Thoughts? Opinions? Suggestions? Feel free to hit me with those!

Tomorrow I’ll have a Word Family and a Counting product to share with everyone. (I’m off to laminate the previews now!)

But, very quickly before I go, I have a reminder and a shout-out.

Don’t forget to get involved in the Super Pack for Bundy fundraiser. It’s only available until April 30th!

And the very lovely Chantelle, from Little Learners, is hosting her first giveaway!

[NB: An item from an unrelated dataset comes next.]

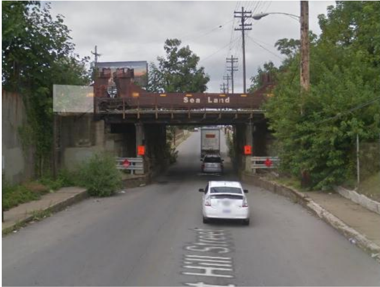
West Hill Street looking toward South 7 th Street

Go visit and join in – she has the cutest things in her TpT store!

8 thoughts on “Classroom Library

  1. Wow that looks great! I am so jealous of your book collection! I’m on my final year of study and trying to collect books…but compared to this it looks like I’ll be taking quite a long time! haha


    • Admittedly, I had a head start on my book collection. Before I started teaching I worked in a bookstore for 2 years and got some pretty good discounts. Now I collect second-hand books from whoever’s giving them away, look through markets and garage sales and buy through Scholastic. It takes time and some money, but you’ll be able to build a great library over time!

      Thanks for stopping by!



  2. Wow – your library is looking great! Your book collection is amazing – do you find the kids take good care of the books? I keep all of my special books locked away in my office away from dirty hands because I’m so worried the kids will wreck them. My library at school is made up from second hand books and library books – maybe I need to have more faith in my kiddos. This must have taken you such a long time!

    Lifelong Learners in Prep


    • Thanks, Casey.
      All my ‘special’ books I do keep on a separate shelf, but the majority of them are available for the kids (and if there’s one on my shelf that they know they want to read they’re allowed to ask to read it and look after it properly). I spend a lot of time talking about care and respect for books (and other people’s property) and we’re constantly reinforcing that. I’ve always believed that books should be read, though, and that a well-worn book is a sign of a well-read book.
      I do get cranky about page tears, though, but that’s very infrequent. My kiddos have been pretty good when given some responsibility.


  3. Hey Stef,

    I love your library and how you’ve organised it. I don’t really have any suggestions, but I might do something similar with all my books at home.



    • Hey Tania,

      Thanks for your feedback!

      I collected my containers from the $2 stores near my school. They don’t have a huge range, hence the multiple styles, etc. I just took a picturebook with me (one I knew was a little larger) and tested it out in different containers. Some are baskets, but some are just clear plastic tubs (that I’d normally store supplies in) minus their lids.

      But you’re right, it was tricky to find containers big enough for books. It was trial and error and collecting over a long period of time (and you know, buying up ALL of the containers that I liked at the one time!).